**SUPPLIED DATA**
————

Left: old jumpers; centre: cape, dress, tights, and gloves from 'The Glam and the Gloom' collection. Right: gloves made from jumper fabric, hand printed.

————

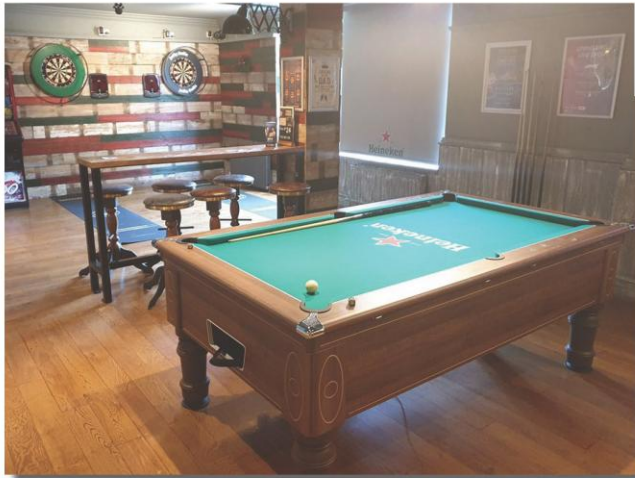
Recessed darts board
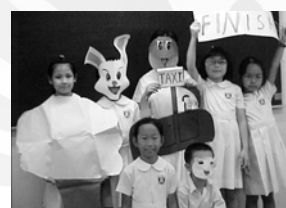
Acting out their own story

————

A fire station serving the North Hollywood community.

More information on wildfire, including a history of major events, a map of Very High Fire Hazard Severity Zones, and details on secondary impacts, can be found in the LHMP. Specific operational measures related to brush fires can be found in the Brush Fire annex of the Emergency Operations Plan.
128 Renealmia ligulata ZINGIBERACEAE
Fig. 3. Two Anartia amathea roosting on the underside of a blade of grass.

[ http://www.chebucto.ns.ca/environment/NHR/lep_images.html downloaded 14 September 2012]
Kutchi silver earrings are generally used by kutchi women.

————

**WHAT THIS TASK INVOLVES**
Exactly reproduce the lines above, starting at the one that contains "Recessed darts board" and ending at the one that contains "Acting out their own story", both inclusive; leave the pictures out and add no other lines.

**ANSWER BELOW**
Recessed darts board
Acting out their own story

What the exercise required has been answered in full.